2022Lokaal01 - Burgemeesters erg bezorgd om woonnoden jonge gezinnen en alleenstaande ouders.png
Provider image

Dat jonge gezinnen geen eigen woning meer kunnen kopen in hun gemeente ervaren de burgemeesters als een van de grote problemen op de woningmarkt. Ook de bouwshift zal tegen 2040 niet gehaald worden, omdat de huidige regeling onbetaalbaar is voor de lokale besturen. Ze willen een sterke rol spelen, maar kijken voor blijvende oplossingen vooral naar de centrale overheden. Dat blijkt uit een VVSG-enquête.

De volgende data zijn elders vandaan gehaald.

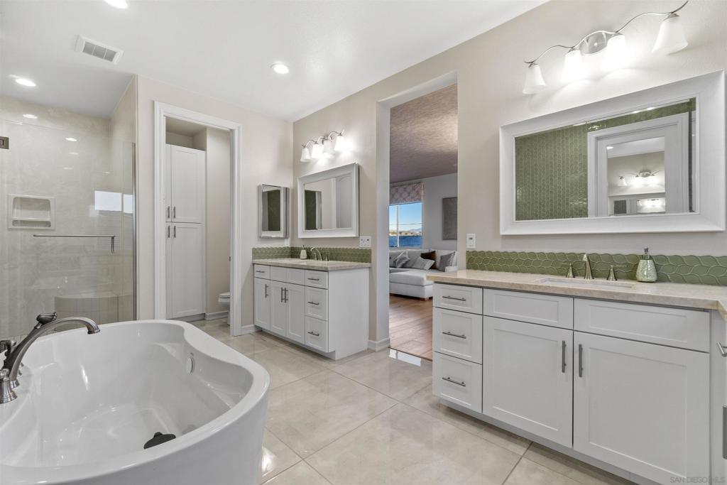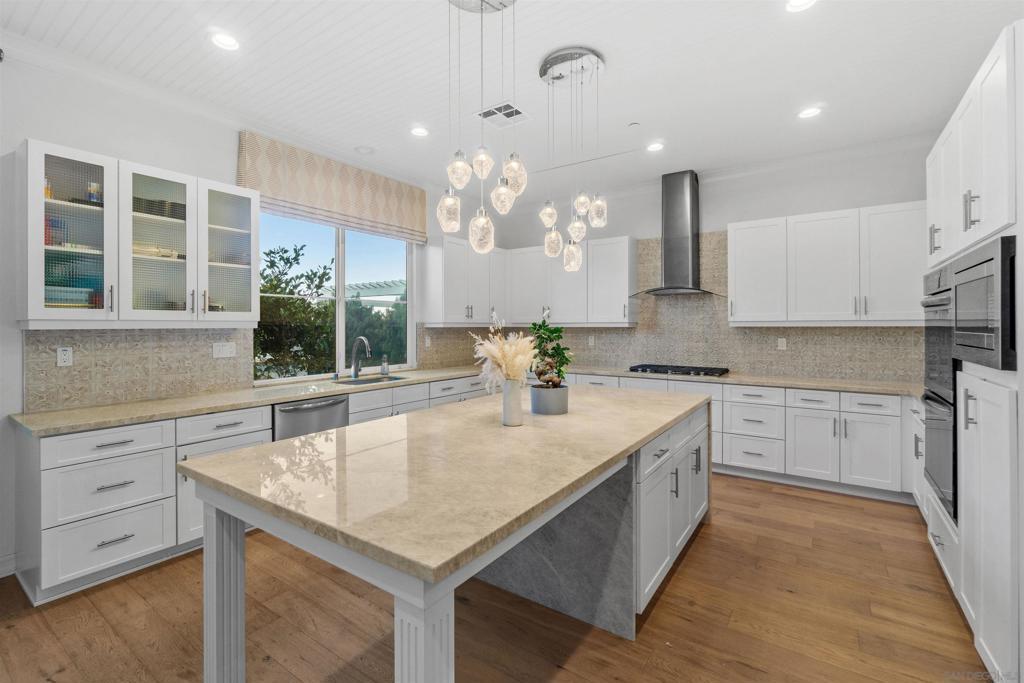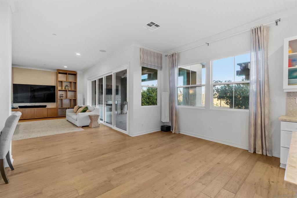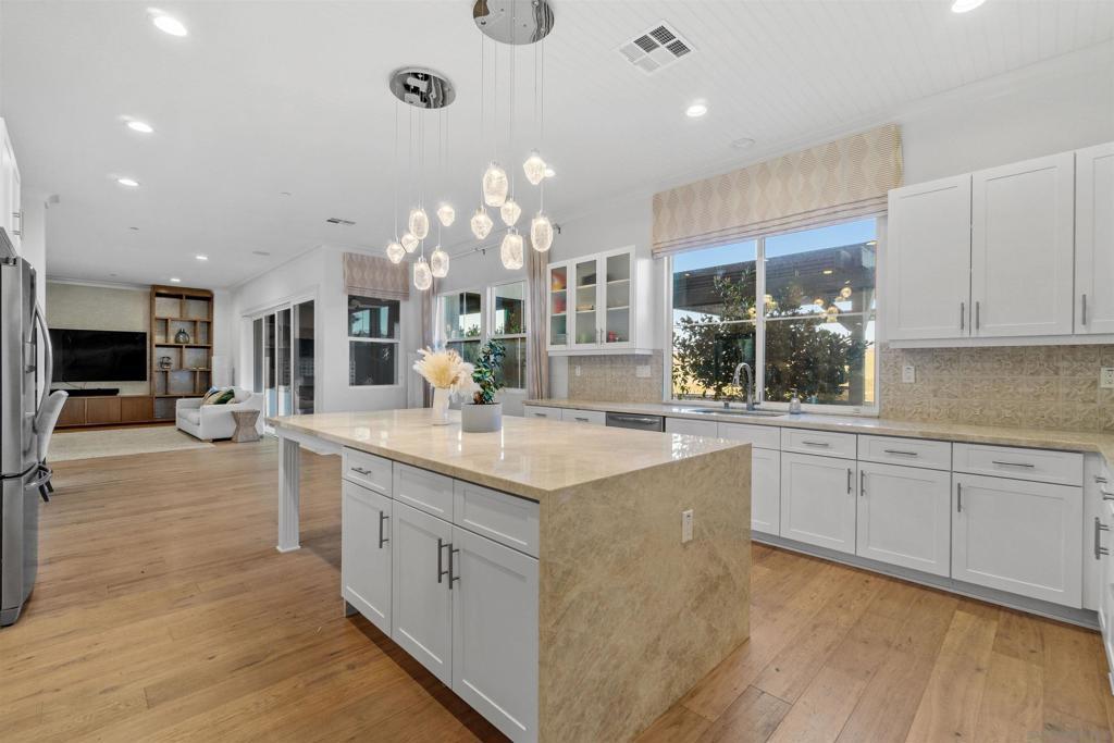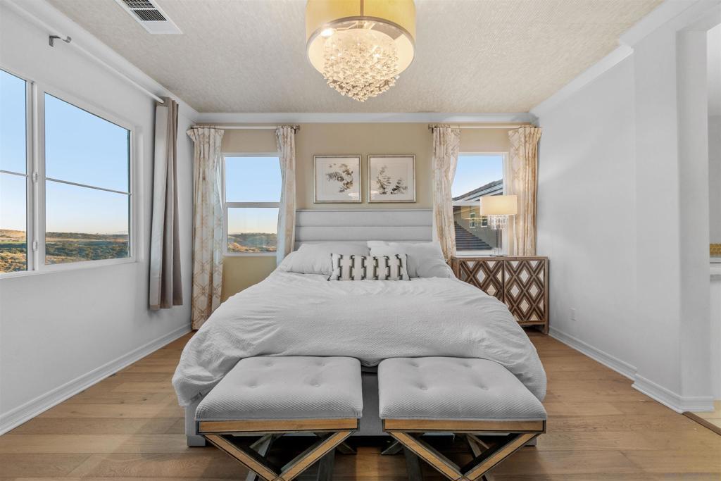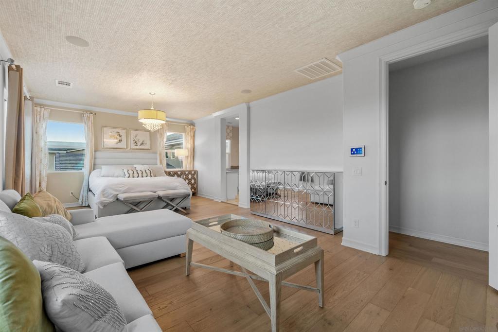 Discover luxurious living at Bella Sitia an exclusive coveted Montecito Community of Otay Ranch. This exquisite previous Model Home is move-in ready with PAID SOLAR & FULL Bed/ Bath Downstairs. This 5 bed/4.5 bath home showcases stunning architectural craftsmanship designed for those who love to entertain. Greet each day with breathtaking unobstructed canyon views experiencing serene sunrises & enchanting sunsets from your spacious California room seamlessly merging indoor elegance with outdoor charm. Inside exceptional attention to detail includes rich hardwood flooring, custom crown molding, an elegant curved staircase & beautifully crafted wood ceilings. The open-concept design features a gourmet kitchen with crisp white shaker cabinets, gleaming quartz countertops, a chic backsplash, modern pendant lights & a large center island ideal for culinary enthusiasts. Premium appliances, including double ovens, built-in microwave & cooktop, complement the abundant cabinetry & spacious walk-in pantry. Retreat upstairs to your luxurious primary suite highlighted by spectacular canyon vistas, integrated audio speakers, a cozy retreat area & a spa-inspired bathroom featuring dual sinks, marble floors, separate tub, custom-tiled shower & an expansive walk-in closet. Additional comforts large 2nd bedrooms some with private baths, a tech center, spacious laundry room with cabinetry & sink, 3 car garage. The landscaped backyard offers the perfect setting for gatherings, complete with a custom concrete patio, covered outdoor entertaining space, built-in BBQ & bar. As part of the Montecito Community residents enjoy exclusive amenities such as a resort-style clubhouse, sparkling pool and spa, recreation center, and proximity to top-rated schools & delightful restaurants. Bella Sitia isn’t just a place to live it’s your forever dream home. Call us today & experience this masterpiece firsthand!
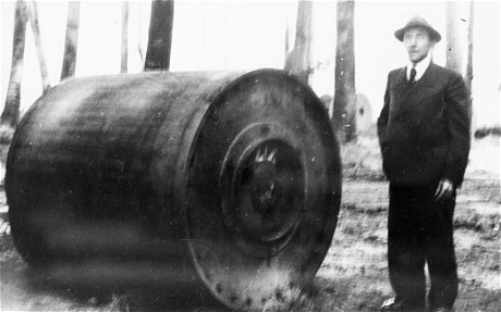 Norman Barlow’s unexploded mine, photographed by the Germans soon after the raid. [Pic: IWM]

De helft van de burgemeesters vindt het een groot probleem dat jonge gezinnen geen woning kunnen kopen in hun gemeente. Burgemeester Veerle Baeyens van Haaltert: ‘Jonge mensen brengen dynamiek mee, ze zijn de toekomst van een gemeente en ze dromen van een eigen woning. Het is moeilijk om ze in de gemeente te houden, als er weinig betaalbaars te vinden is als eerste woning.’ Ook het tekort aan sociale woningen is een probleem. ‘Meer sociale huurwoningen en betaalbare kavels zijn belangrijk om de druk op de markt weg te nemen en wonen betaalbaar te houden,’ zegt burgemeester Hans Eyssen van Holsbeek. Meer dan acht op de tien burgemeesters vinden dat de centrale overheden ook de private sector moeten stimuleren, activeren en ondersteunen om betaalbare en energiezuinige woningen te bouwen. Dit zou zeker jonge gezinnen kunnen helpen, luidt het. Heel wat burgemeesters maken zich ook zorgen over de hoge huurprijzen en de ondermaatse woningkwaliteit op de private huurmarkt. Marc Snoeck, burgemeester van Halle: ‘Een eenvoudig huurappartement met twee slaapkamers kost hier op de private markt al gauw 850 euro, dat is erg veel voor een alleenstaande moeder met kinderen.’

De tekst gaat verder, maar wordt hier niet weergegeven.